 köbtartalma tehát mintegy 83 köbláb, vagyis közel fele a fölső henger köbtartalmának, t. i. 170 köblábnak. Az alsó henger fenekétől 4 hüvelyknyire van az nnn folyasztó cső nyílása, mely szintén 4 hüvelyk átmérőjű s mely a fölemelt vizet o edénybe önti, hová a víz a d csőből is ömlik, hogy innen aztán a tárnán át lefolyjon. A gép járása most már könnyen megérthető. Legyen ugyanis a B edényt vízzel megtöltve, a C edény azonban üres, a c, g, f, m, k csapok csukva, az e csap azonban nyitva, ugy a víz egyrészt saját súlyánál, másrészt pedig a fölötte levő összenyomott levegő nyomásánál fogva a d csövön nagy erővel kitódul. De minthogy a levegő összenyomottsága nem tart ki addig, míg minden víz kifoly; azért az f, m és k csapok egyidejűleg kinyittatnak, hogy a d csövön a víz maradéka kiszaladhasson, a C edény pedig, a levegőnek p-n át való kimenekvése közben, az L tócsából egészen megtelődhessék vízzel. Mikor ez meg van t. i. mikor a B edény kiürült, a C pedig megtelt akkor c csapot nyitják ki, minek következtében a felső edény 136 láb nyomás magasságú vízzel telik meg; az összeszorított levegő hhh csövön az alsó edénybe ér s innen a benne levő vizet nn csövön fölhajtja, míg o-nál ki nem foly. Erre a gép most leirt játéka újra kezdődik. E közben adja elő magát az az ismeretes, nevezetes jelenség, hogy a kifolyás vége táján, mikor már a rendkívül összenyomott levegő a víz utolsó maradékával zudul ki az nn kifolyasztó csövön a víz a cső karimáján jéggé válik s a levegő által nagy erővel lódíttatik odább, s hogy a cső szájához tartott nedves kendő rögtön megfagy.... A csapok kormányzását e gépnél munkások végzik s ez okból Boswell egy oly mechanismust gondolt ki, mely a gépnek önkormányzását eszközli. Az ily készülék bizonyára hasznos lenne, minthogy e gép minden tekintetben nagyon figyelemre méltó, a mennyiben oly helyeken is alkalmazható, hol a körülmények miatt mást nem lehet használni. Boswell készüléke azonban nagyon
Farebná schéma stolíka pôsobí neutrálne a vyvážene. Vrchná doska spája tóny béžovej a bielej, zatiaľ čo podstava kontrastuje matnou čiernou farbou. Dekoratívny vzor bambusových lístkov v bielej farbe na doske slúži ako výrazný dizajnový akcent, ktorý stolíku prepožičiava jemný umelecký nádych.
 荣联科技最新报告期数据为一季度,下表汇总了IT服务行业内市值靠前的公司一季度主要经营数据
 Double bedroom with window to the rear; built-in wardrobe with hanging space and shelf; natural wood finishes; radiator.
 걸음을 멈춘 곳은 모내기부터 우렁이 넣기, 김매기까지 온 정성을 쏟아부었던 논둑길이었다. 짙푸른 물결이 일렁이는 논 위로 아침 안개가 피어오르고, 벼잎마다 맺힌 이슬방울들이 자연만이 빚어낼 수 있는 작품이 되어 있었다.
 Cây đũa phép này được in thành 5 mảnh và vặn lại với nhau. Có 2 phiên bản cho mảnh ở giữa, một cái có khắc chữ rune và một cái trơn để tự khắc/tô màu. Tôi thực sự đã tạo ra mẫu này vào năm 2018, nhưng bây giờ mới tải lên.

--

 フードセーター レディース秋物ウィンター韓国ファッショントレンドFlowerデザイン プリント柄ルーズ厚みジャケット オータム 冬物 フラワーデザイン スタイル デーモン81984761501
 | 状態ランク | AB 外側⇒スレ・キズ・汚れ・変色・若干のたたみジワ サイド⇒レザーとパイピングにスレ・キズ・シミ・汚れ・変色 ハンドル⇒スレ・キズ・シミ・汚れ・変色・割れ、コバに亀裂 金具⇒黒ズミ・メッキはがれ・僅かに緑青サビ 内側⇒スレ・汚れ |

TASK ITEM:
Above are the entries. Output exactly the lines beginning with the line that has "荣联科技最新报告期数据为一季" and ending with the line that has "Cây đũa phép".

SOLUTION FOR THIS TASK:
 荣联科技最新报告期数据为一季度,下表汇总了IT服务行业内市值靠前的公司一季度主要经营数据
 Double bedroom with window to the rear; built-in wardrobe with hanging space and shelf; natural wood finishes; radiator.
 걸음을 멈춘 곳은 모내기부터 우렁이 넣기, 김매기까지 온 정성을 쏟아부었던 논둑길이었다. 짙푸른 물결이 일렁이는 논 위로 아침 안개가 피어오르고, 벼잎마다 맺힌 이슬방울들이 자연만이 빚어낼 수 있는 작품이 되어 있었다.
 Cây đũa phép này được in thành 5 mảnh và vặn lại với nhau. Có 2 phiên bản cho mảnh ở giữa, một cái có khắc chữ rune và một cái trơn để tự khắc/tô màu. Tôi thực sự đã tạo ra mẫu này vào năm 2018, nhưng bây giờ mới tải lên.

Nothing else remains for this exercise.